Return each line exactly, beginning with the one that has "Dieses entzückende Holz" and finishing with the final line of the material. Drop any pictures.

Material provided –
******

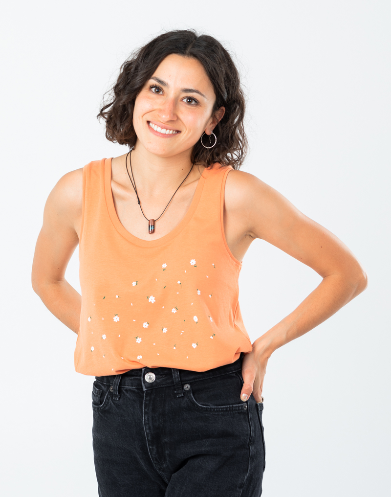 Samarreta sense mànigues de 155gsm fabricada 100% en cotó orgànic. Tall entallat i canalé 1×1 en coll.
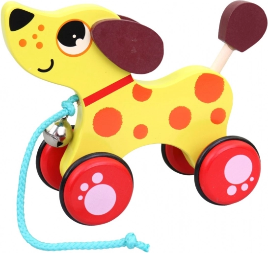 Dieses entzückende Holz Nachziehspielzeug in Form eines Hundes bietet nicht nur farbliche Vielfalt, sondern auch ein interaktives Element in Form einer Glocke, die beim Bewegen einen sanften Klang erzeugt. Spaß für Kinder ist somit garantiert!
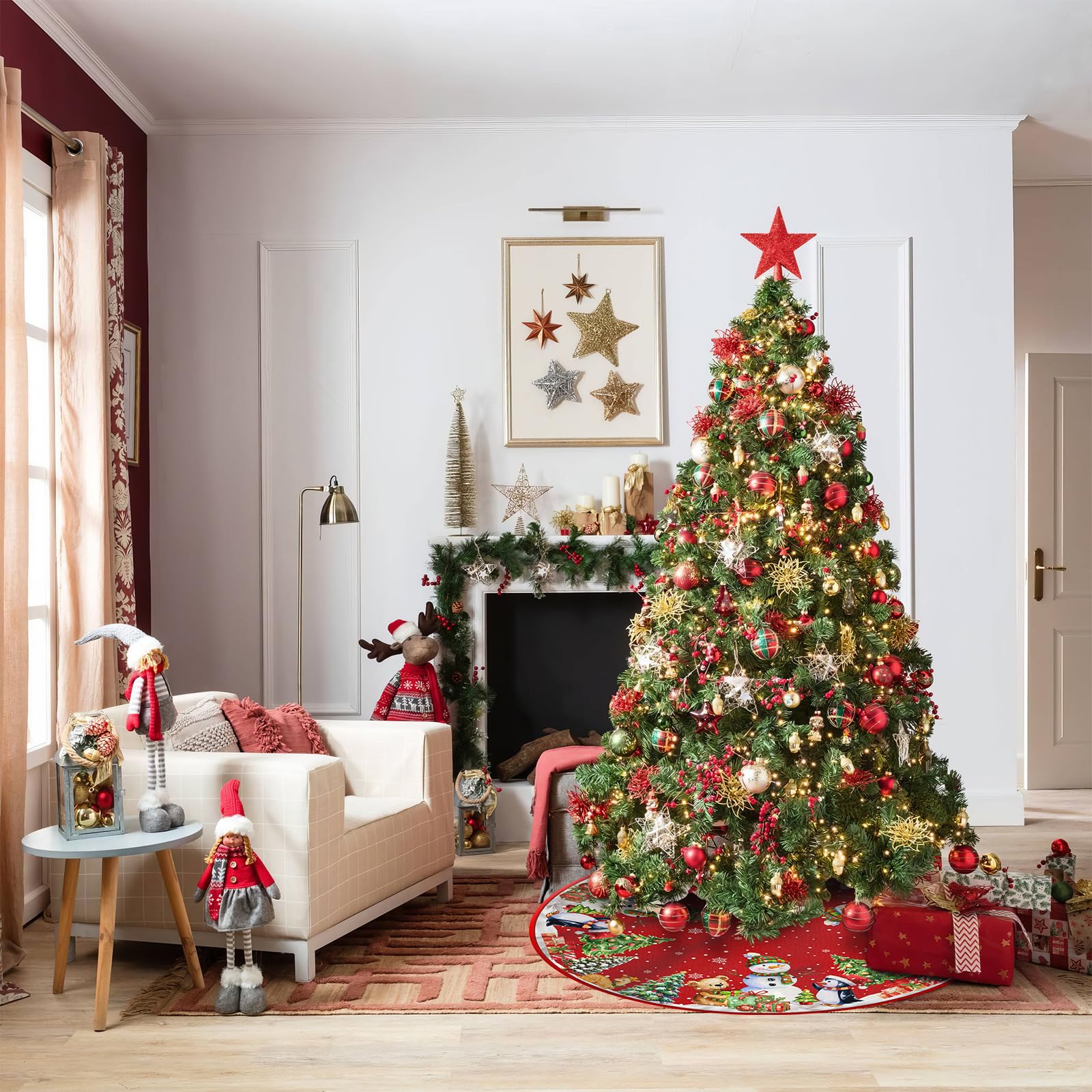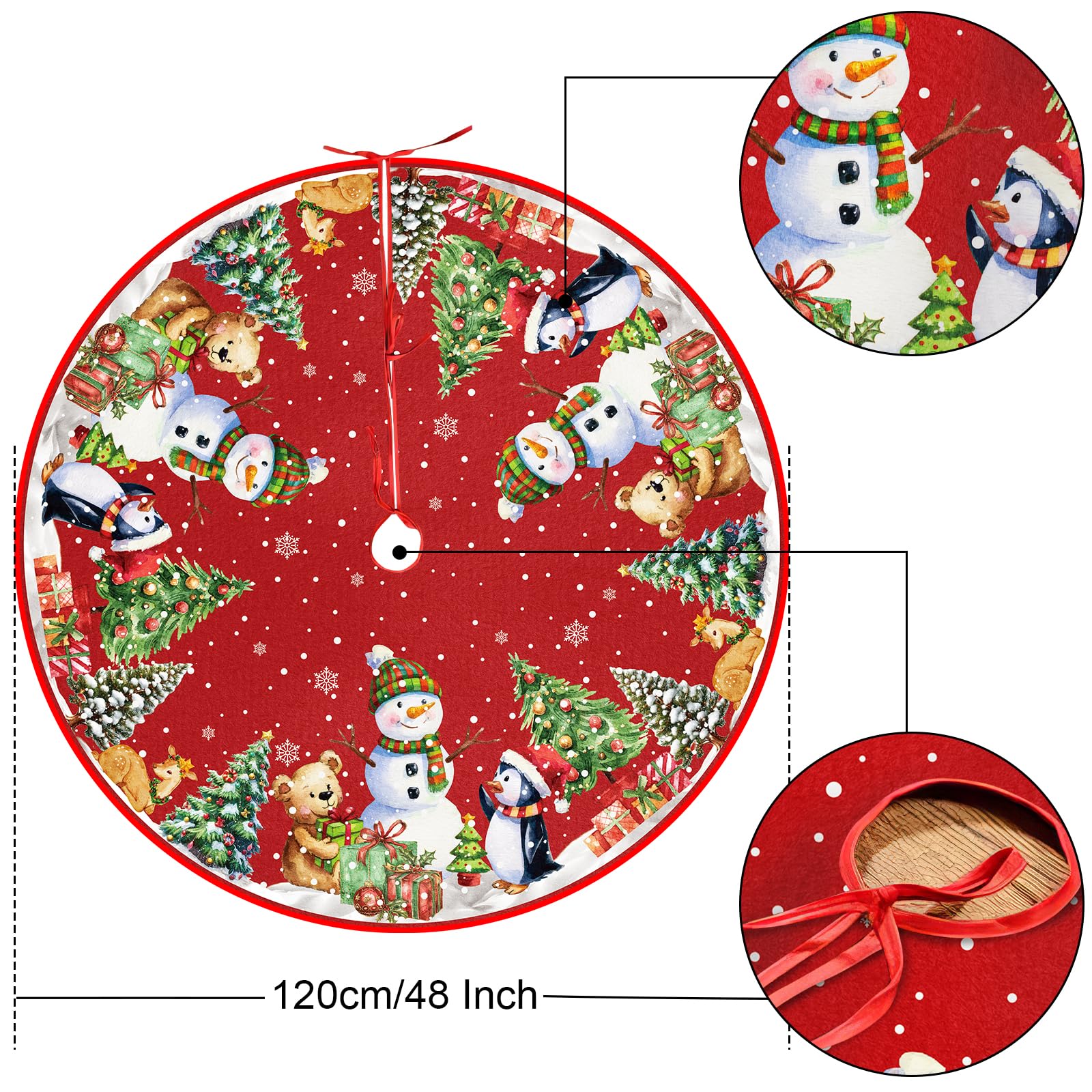 Elegant and festive design: This white and red Christmas tree skirt features a charming design with a tree and a snowman in classic red and green tones, adding a delightful accent to your Christmas holiday decoration. It is ideal for Christmas decor and creates a cozy and festive atmosphere under your Christmas tree.

******

Written answer –
 Dieses entzückende Holz Nachziehspielzeug in Form eines Hundes bietet nicht nur farbliche Vielfalt, sondern auch ein interaktives Element in Form einer Glocke, die beim Bewegen einen sanften Klang erzeugt. Spaß für Kinder ist somit garantiert!
 Elegant and festive design: This white and red Christmas tree skirt features a charming design with a tree and a snowman in classic red and green tones, adding a delightful accent to your Christmas holiday decoration. It is ideal for Christmas decor and creates a cozy and festive atmosphere under your Christmas tree.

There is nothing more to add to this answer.